Брат, которому семь
Шрифт:
Но Витька будто забыл про ключ. Он поднял зайца ещё выше и прищурился.
У зайца была грустная морда. Наверно, потому, что на морде сохранился только один блестящий стеклянный глаз. Второй глаз оказался нарисованным химическим карандашом. Лапы у зайца были совсем не заячьи, а какие-то медвежачьи: толстые и мягкие, с чёрными пятачками пяток и пальцев. Красные штаны на зайце выцвели и потрепались. Раньше у него была ещё синяя кофта, но потом потерялась.
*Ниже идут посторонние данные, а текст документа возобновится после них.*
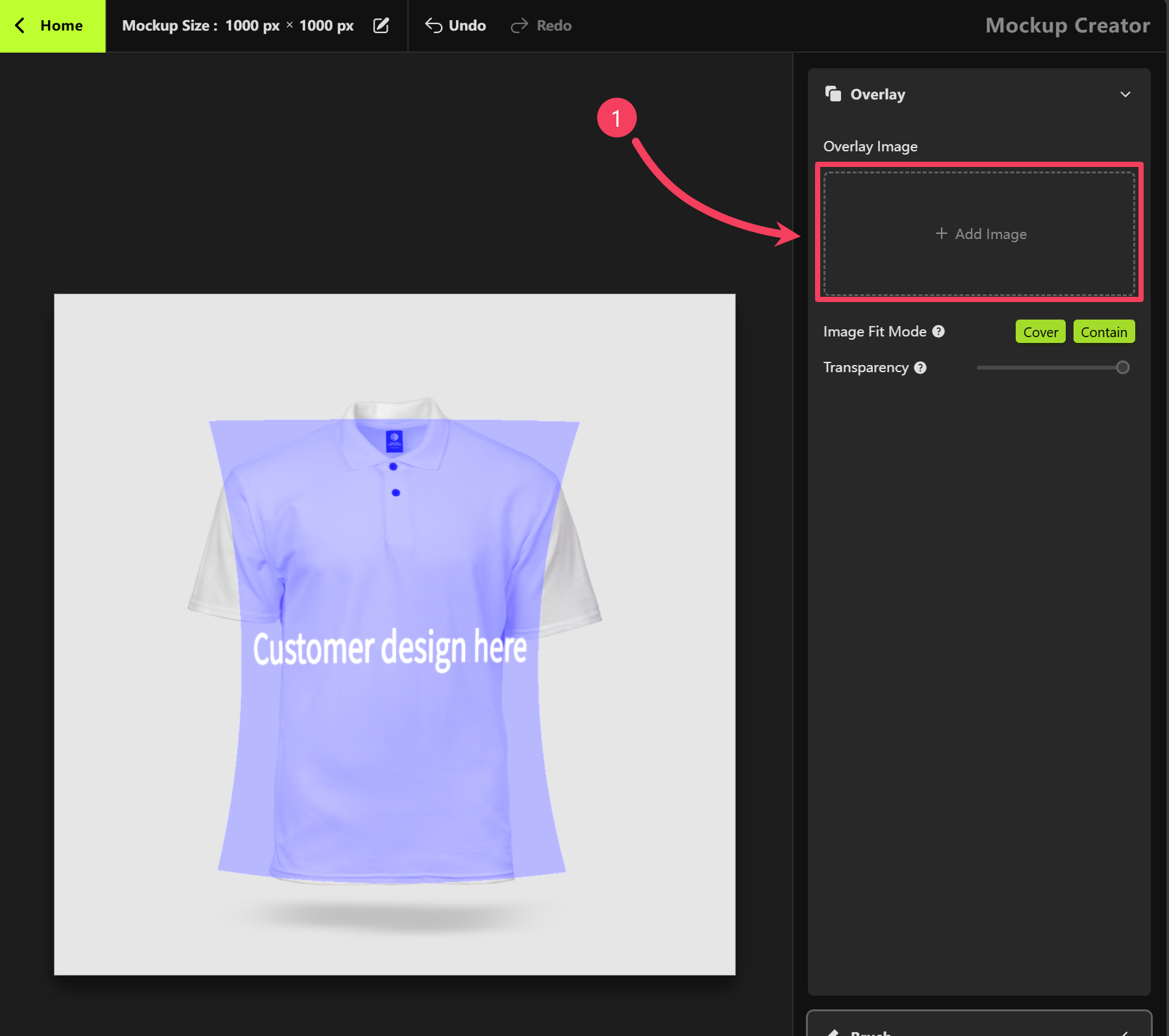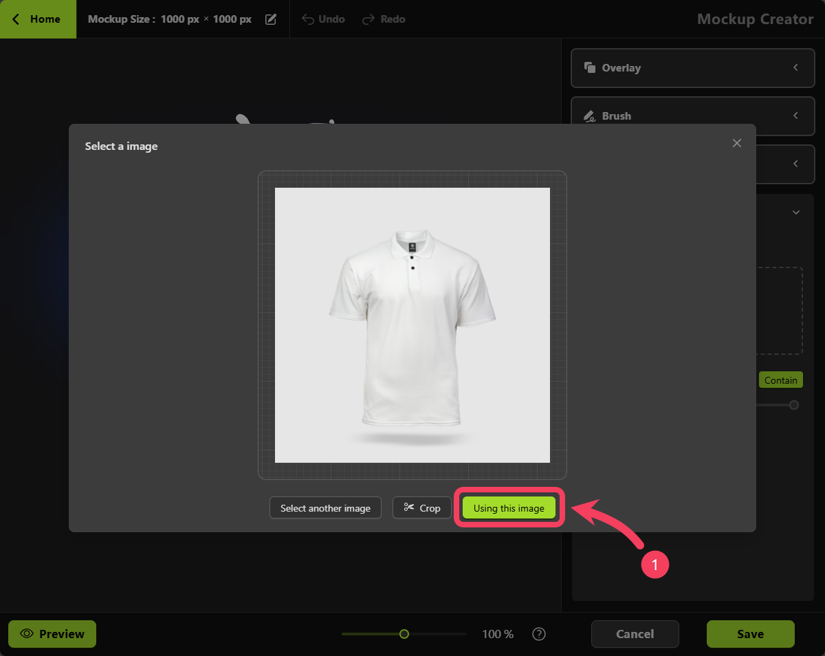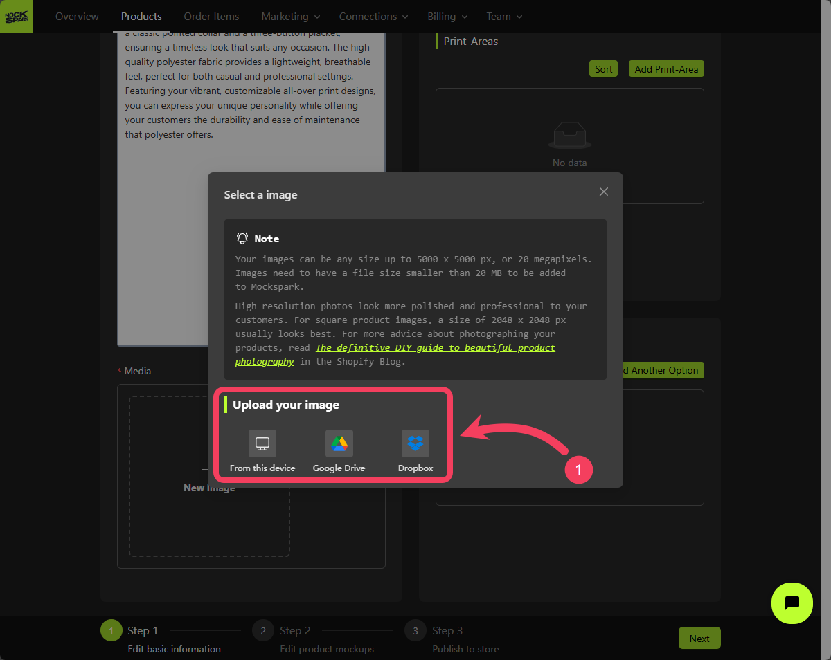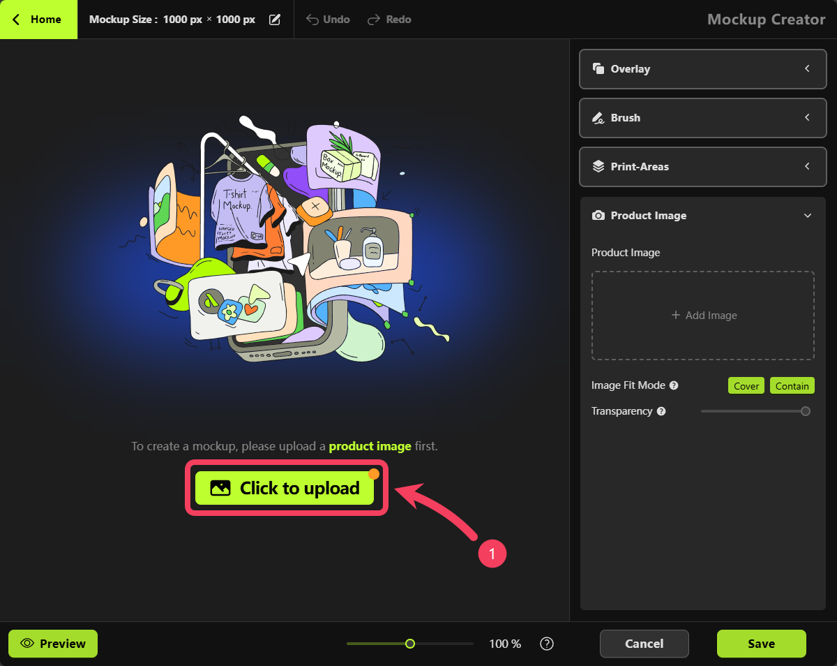 To create a mockup, begin by clicking the button shown in the image below to upload a product photo.
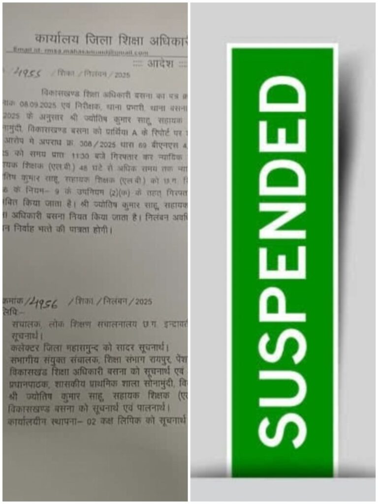निलंबन अवधि में उनका मुख्यालय विकासखंड शिक्षा अधिकारी, बसना तय किया गया है तथा उन्हें केवल जीवन निर्वाह भत्ता ही मिलेगा। शिक्षा विभाग की इस सख्त कार्रवाई से जिलेभर में हड़कंप मच गया है।
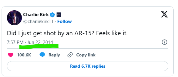 September 15, 2025September 15, 2025 Charlie Kirks eerie post from 6/22/2014 GIVE KNOWLEDGE AND SHARE THIS! Click to share on Facebook (Opens in new window) Facebook Click to share on Telegram (Opens in new window) Telegram Click to share on X (Opens in new window) X Like Loading... Related

Белая плюшевая шкура на спине и животе давно уже стала серой. И хотя наступила зима
— Он тебе для чего, Цапля? — спросил наконец Витька.
— А зачем ему быть "для чего"? Лежит и пускай лежит, — осторожно сказал Алька. Он почуял в Витькиных словах какую-то угрозу для зайца.
А Витька ещё раз тряхнул несчастного зверя и предложил:
— Давай мы с ним какую-нибудь сделаем штуку.
Алька исподлобья глядел, как заяц раскачивается на длинном ухе.
— Какую штуку?
— Х-хе… Весёлую.
Алька не хотел делать "весёлую штуку". Пожилой плюшевый заяц был его другом. Он знал много Алькиных тайн. И неизвестно, сколько слез впитала пыльная плюшевая шкура, когда в несчастливые минуты Алька рассказывал зайцу о своих горестях.
Это был хороший друг, молчаливый, добрый. Он не обижался, если Алька превращал его в циркового гимнаста, в охотничью дичь или даже в подводное чудовище, когда играли в "морское царство". Не обиделся он и тогда, когда Алька вытащил у него один глаз, чтобы сделать кнопку для звонка. Что ж, раз это нужно для важного дела…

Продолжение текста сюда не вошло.